## Prompt
Pictures in the records below must be left out. Return exactly the lines from the line with "继太原古交月卡后,太原和榆次间又推城际卡,详情咨询12306" to the line with "À Jérusalem, la", both included.

## Data records

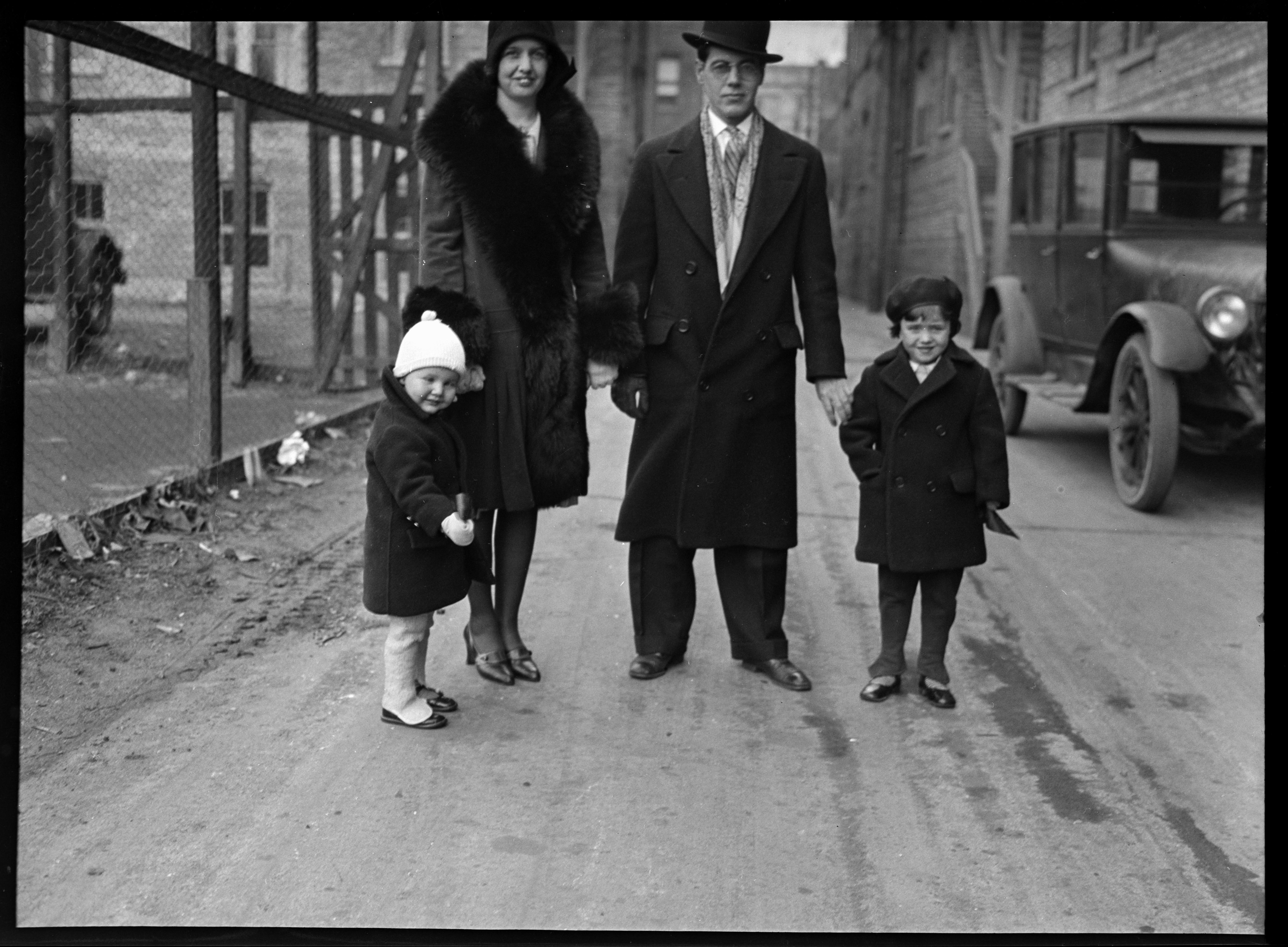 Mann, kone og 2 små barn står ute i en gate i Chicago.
--
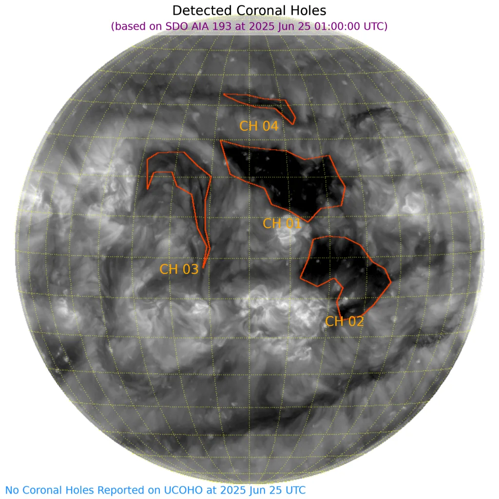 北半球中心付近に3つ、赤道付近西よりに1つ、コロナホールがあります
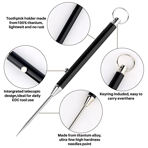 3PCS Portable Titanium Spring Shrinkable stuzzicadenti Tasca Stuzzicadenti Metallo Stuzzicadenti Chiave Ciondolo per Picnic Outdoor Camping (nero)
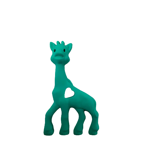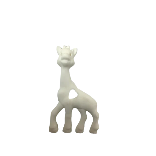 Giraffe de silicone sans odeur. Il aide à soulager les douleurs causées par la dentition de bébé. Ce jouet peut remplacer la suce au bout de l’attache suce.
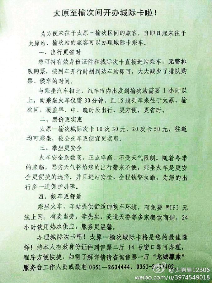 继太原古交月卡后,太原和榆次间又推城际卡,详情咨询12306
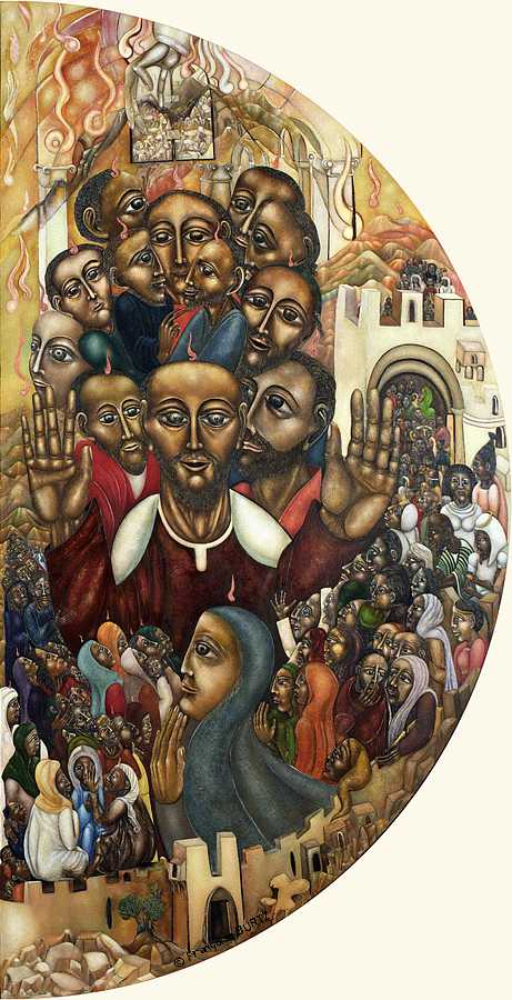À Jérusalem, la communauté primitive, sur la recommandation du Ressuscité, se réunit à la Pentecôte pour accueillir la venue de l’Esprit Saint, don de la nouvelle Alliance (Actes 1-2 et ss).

## Response box
 继太原古交月卡后,太原和榆次间又推城际卡,详情咨询12306
À Jérusalem, la communauté primitive, sur la recommandation du Ressuscité, se réunit à la Pentecôte pour accueillir la venue de l’Esprit Saint, don de la nouvelle Alliance (Actes 1-2 et ss).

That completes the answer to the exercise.